**Exercise objective:**
Take the lines in the listing below from the line with "- Tento spotrebič" up to and including the line with "Koenig Guena hatte" and set them down exactly, skipping pictures and adding nothing.

**Data for processing:**
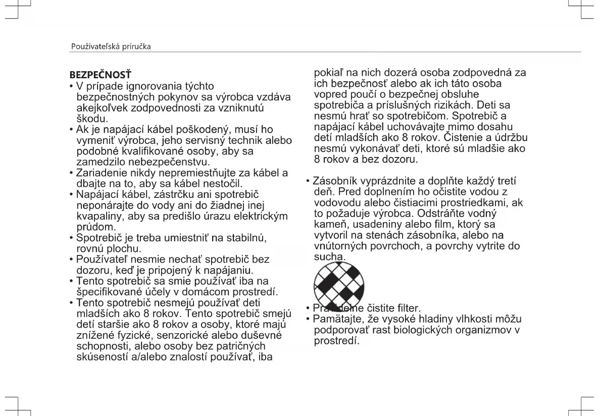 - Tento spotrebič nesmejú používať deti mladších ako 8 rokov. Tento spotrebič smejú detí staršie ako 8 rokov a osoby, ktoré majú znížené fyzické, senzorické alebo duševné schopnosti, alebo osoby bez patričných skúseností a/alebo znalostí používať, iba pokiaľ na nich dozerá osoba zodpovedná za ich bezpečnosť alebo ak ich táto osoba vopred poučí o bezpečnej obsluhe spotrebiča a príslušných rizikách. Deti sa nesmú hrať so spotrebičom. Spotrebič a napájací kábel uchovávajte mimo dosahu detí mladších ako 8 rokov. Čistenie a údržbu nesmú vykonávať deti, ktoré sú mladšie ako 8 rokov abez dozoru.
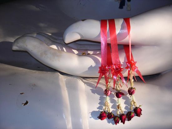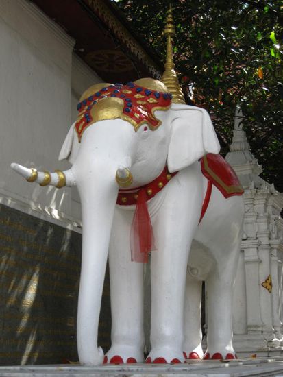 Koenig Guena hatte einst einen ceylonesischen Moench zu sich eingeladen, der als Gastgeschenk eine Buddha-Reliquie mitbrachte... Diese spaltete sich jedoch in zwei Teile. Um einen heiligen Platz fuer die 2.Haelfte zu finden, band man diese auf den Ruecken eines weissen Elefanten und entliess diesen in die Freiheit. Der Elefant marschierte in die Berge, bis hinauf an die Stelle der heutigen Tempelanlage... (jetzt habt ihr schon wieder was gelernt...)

---

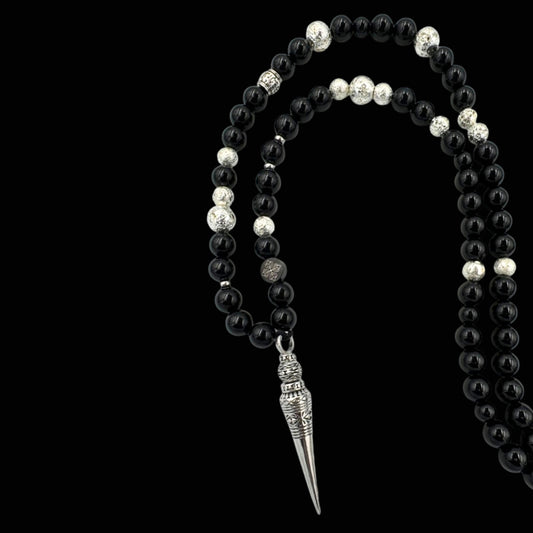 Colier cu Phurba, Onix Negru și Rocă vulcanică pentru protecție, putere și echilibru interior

**Result:**
 - Tento spotrebič nesmejú používať deti mladších ako 8 rokov. Tento spotrebič smejú detí staršie ako 8 rokov a osoby, ktoré majú znížené fyzické, senzorické alebo duševné schopnosti, alebo osoby bez patričných skúseností a/alebo znalostí používať, iba pokiaľ na nich dozerá osoba zodpovedná za ich bezpečnosť alebo ak ich táto osoba vopred poučí o bezpečnej obsluhe spotrebiča a príslušných rizikách. Deti sa nesmú hrať so spotrebičom. Spotrebič a napájací kábel uchovávajte mimo dosahu detí mladších ako 8 rokov. Čistenie a údržbu nesmú vykonávať deti, ktoré sú mladšie ako 8 rokov abez dozoru.
 Koenig Guena hatte einst einen ceylonesischen Moench zu sich eingeladen, der als Gastgeschenk eine Buddha-Reliquie mitbrachte... Diese spaltete sich jedoch in zwei Teile. Um einen heiligen Platz fuer die 2.Haelfte zu finden, band man diese auf den Ruecken eines weissen Elefanten und entliess diesen in die Freiheit. Der Elefant marschierte in die Berge, bis hinauf an die Stelle der heutigen Tempelanlage... (jetzt habt ihr schon wieder was gelernt...)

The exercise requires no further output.